MLLMs now anchor tasks from captioning and VQA to OCR-centric reasoning, yet strong leaderboard scores do not guarantee robust perception. Modern model families often scale language while reusing largely fixed vision encoders, raising questions about whether gains come from visual grounding or textual priors. The Perceptual Observatory targets this gap by stressing identity preservation, spatial invariance, and attribution fidelity under both ID corruptions and diffusion-based stylized shifts.
A principled framework that measures perceptual robustness and grounding beyond end-task accuracy, isolating visual behavior from language priors.
Three tasks capture identity matching, spatial invariance, and attribute localization, paired with interpretable metrics for robustness, fairness, and reasoning effects.
A scalable pipeline for ID augmentations and diffusion-based stylized illusions that preserve layout while changing appearance.
The Observatory is a property-driven evaluation suite spanning robustness, relational vision, in-context adaptation, and vision-language alignment. It probes whether models maintain identity, resist distractors, preserve spatial structure, and avoid over-reliance on language priors.
Two canonical domains anchor the evaluation: CELEB (1,000 celebrity faces with boxes for eyes, nose, and mouth) and WORD (approximately 267K rendered words across 21 categories, yielding over 1M unique images with exact text boxes).
Each image is paired with 15 in-distribution augmentations (blur, jitter, noise, etc.) and 15 diffusion-based stylized illusions, plus the original, totaling 31K images per dataset.
CELEB
1,000 faces
WORD
~267K words
Variants
15 ID + 15 OOD
Total
62K images
All tasks are framed as in-context prediction. Each query pairs a support example with a prompted question, then tests identity preservation, spatial invariance, and attribute localization under ID augmentations and OOD stylized perturbations.
The model sees a support image and chooses the correct match from four candidates. The query set includes a perturbed version of the same entity, near-neighbor distractors, and an out-of-context sample from the other domain (face vs. word).
The support image is placed within a 2×2 grid that also contains distractors and out-of-context samples. The model must identify the correct grid location, probing spatial invariance across positions.
Given one-hint or full-hint attribute boxes on a support image, the model transfers those boxes to perturbed views, testing attribution fidelity and perceptual consistency.

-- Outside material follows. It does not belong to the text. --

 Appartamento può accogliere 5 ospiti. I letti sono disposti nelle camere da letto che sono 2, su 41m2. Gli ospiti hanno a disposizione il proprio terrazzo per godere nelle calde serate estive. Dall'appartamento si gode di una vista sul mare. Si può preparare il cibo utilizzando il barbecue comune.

Each property corresponds to a behavioral goal and a simple quantitative metric. Robustness tracks identity preservation under ID and OOD shifts. Spatial invariance measures whether the correct grid location changes with position. Attribution fidelity evaluates how well bounding boxes transfer across perturbations. Fairness gaps compare subgroup performance (e.g., gender) under shifts. Scale consistency captures whether larger models improve monotonically within a family, while thinking superiority measures the impact of reasoning-enabled decoding.
Accuracy drop from Org to ID/OOD perturbations for identity matching and grid pointing.

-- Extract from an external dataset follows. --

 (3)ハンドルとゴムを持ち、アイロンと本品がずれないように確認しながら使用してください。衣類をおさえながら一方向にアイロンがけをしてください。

Position gap across grid locations for Task 2 highlights layout sensitivity.
Transfer retention of attribute boxes under perturbations for Task 3.
Performance differences across subpopulations (e.g., gender) under shifts.
Trend of performance gains as parameter count increases within a model family.
Delta between reasoning-enabled decoding and base decoding.
The evaluation spans three model families: Qwen2.5-VL (3B/7B/72B), Gemma-3 (4B/12B/27B), and InternVL3.5 (8B/14B, with instruct and thinking variants). Experiments use consistent decoding settings (temperature 0.2, top_p 0.95, top_k 32) to compare scale, reasoning mode, and vision-language alignment.
Each sample is evaluated on original, ID-augmented, and diffusion-based illusion variants. Metrics capture robustness deltas, spatial invariance gaps, and transfer retention.
Four consistent themes emerge from the evaluation: WORD tasks are near-saturated in-distribution and retain accuracy under shifts; CELEB tasks degrade sharply under stylized perturbations. Scaling mainly benefits OCR, pointing, and guided localization but does not guarantee robustness. Language-side capacity drives most gains when vision encoders are fixed, and thinking-mode decoding improves clean performance while hurting transfer retention on faces.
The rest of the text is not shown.